Line by line, set down all the data below exactly, omitting any picture.

(SUPPLIED MATERIAL)

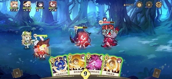 每场战斗中,指挥可以上阵4名乐姬,每个乐姬拥有3张独特技能卡牌,也就是总数12张。开始战斗时会先抓取其中4张,其余牌进入“牌库”。当打出的手牌进入弃牌堆后,系统会自动从牌库中抓取新的一张。
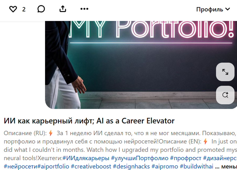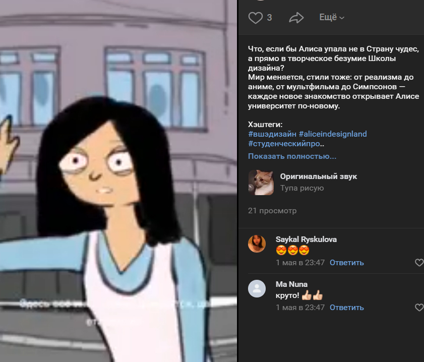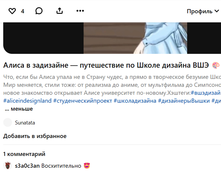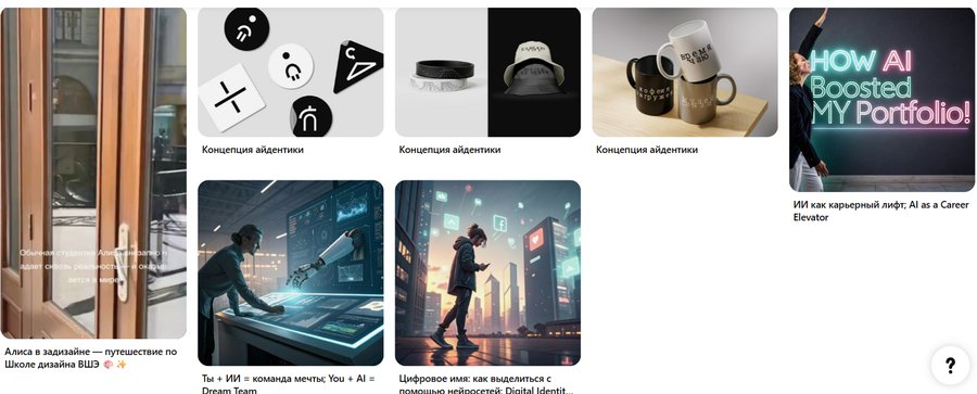 Это было также замечено на платформе Pinterest, где было выложено то же самое видео группового проекта из 1 курса «Алиса в задизанье». Вместе с видео в Pinterest были опубликованы дизайн работы, а также картинки, сгенерированные при помощи нейросети Recraft. Во всех постах использовались хештеги, сделанные в Chat GPT. Тем не менее видеоролик опередил их по вовлеченности.
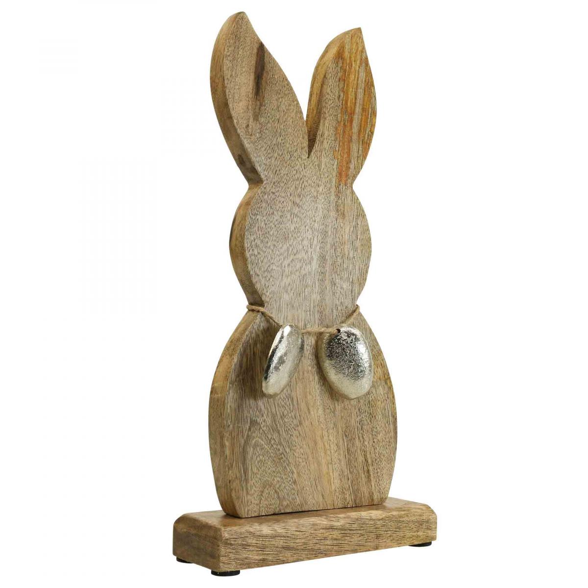 Denn nur die verdientesten Osterhasen bekommen das Abzeichen mit dem silbernen Ei. Der Hase ist für die Osterdeko als markante Silhouette aus massivem Mangoholz gearbeitet und sitzt auf einem zuverlässigen Aufsteller. So ist der Holzhase bereit fürs Nest.

(End SUPPLIED MATERIAL)

**ANSWER FOR THIS EXERCISE:**
 每场战斗中,指挥可以上阵4名乐姬,每个乐姬拥有3张独特技能卡牌,也就是总数12张。开始战斗时会先抓取其中4张,其余牌进入“牌库”。当打出的手牌进入弃牌堆后,系统会自动从牌库中抓取新的一张。
 Это было также замечено на платформе Pinterest, где было выложено то же самое видео группового проекта из 1 курса «Алиса в задизанье». Вместе с видео в Pinterest были опубликованы дизайн работы, а также картинки, сгенерированные при помощи нейросети Recraft. Во всех постах использовались хештеги, сделанные в Chat GPT. Тем не менее видеоролик опередил их по вовлеченности.
 Denn nur die verdientesten Osterhasen bekommen das Abzeichen mit dem silbernen Ei. Der Hase ist für die Osterdeko als markante Silhouette aus massivem Mangoholz gearbeitet und sitzt auf einem zuverlässigen Aufsteller. So ist der Holzhase bereit fürs Nest.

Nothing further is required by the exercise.